#### Provided records

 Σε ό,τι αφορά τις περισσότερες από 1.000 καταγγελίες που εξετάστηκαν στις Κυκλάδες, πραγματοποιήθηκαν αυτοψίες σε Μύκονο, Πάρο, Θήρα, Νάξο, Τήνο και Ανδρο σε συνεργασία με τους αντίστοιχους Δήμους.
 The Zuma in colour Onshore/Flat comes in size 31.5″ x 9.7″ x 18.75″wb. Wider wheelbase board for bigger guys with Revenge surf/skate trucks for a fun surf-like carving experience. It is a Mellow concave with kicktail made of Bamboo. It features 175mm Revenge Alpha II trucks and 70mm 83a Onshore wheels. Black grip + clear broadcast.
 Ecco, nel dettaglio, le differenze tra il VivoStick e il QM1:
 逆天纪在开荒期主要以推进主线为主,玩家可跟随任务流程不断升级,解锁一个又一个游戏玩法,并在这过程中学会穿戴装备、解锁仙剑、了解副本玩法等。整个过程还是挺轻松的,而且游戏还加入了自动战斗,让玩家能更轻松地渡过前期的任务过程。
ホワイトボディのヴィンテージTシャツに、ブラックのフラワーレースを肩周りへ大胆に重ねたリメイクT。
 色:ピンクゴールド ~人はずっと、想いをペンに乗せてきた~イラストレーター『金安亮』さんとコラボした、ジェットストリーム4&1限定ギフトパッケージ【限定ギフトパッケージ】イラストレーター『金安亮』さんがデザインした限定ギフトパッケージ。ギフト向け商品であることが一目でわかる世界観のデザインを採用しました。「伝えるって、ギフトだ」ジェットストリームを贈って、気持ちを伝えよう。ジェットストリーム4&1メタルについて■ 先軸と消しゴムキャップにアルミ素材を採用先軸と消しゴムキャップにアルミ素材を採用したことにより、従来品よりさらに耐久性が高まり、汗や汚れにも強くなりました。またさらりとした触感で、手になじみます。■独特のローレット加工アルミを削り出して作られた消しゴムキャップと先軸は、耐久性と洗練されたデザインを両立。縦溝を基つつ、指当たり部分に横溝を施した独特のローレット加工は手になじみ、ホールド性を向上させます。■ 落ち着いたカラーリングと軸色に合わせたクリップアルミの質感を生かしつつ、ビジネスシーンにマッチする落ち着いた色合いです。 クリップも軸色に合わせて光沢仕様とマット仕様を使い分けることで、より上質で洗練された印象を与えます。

########

Your instructions — In this exercise, give every record above again exactly.

Exercise result —
 Σε ό,τι αφορά τις περισσότερες από 1.000 καταγγελίες που εξετάστηκαν στις Κυκλάδες, πραγματοποιήθηκαν αυτοψίες σε Μύκονο, Πάρο, Θήρα, Νάξο, Τήνο και Ανδρο σε συνεργασία με τους αντίστοιχους Δήμους.
 The Zuma in colour Onshore/Flat comes in size 31.5″ x 9.7″ x 18.75″wb. Wider wheelbase board for bigger guys with Revenge surf/skate trucks for a fun surf-like carving experience. It is a Mellow concave with kicktail made of Bamboo. It features 175mm Revenge Alpha II trucks and 70mm 83a Onshore wheels. Black grip + clear broadcast.
 Ecco, nel dettaglio, le differenze tra il VivoStick e il QM1:
 逆天纪在开荒期主要以推进主线为主,玩家可跟随任务流程不断升级,解锁一个又一个游戏玩法,并在这过程中学会穿戴装备、解锁仙剑、了解副本玩法等。整个过程还是挺轻松的,而且游戏还加入了自动战斗,让玩家能更轻松地渡过前期的任务过程。
ホワイトボディのヴィンテージTシャツに、ブラックのフラワーレースを肩周りへ大胆に重ねたリメイクT。
 色:ピンクゴールド ~人はずっと、想いをペンに乗せてきた~イラストレーター『金安亮』さんとコラボした、ジェットストリーム4&1限定ギフトパッケージ【限定ギフトパッケージ】イラストレーター『金安亮』さんがデザインした限定ギフトパッケージ。ギフト向け商品であることが一目でわかる世界観のデザインを採用しました。「伝えるって、ギフトだ」ジェットストリームを贈って、気持ちを伝えよう。ジェットストリーム4&1メタルについて■ 先軸と消しゴムキャップにアルミ素材を採用先軸と消しゴムキャップにアルミ素材を採用したことにより、従来品よりさらに耐久性が高まり、汗や汚れにも強くなりました。またさらりとした触感で、手になじみます。■独特のローレット加工アルミを削り出して作られた消しゴムキャップと先軸は、耐久性と洗練されたデザインを両立。縦溝を基つつ、指当たり部分に横溝を施した独特のローレット加工は手になじみ、ホールド性を向上させます。■ 落ち着いたカラーリングと軸色に合わせたクリップアルミの質感を生かしつつ、ビジネスシーンにマッチする落ち着いた色合いです。 クリップも軸色に合わせて光沢仕様とマット仕様を使い分けることで、より上質で洗練された印象を与えます。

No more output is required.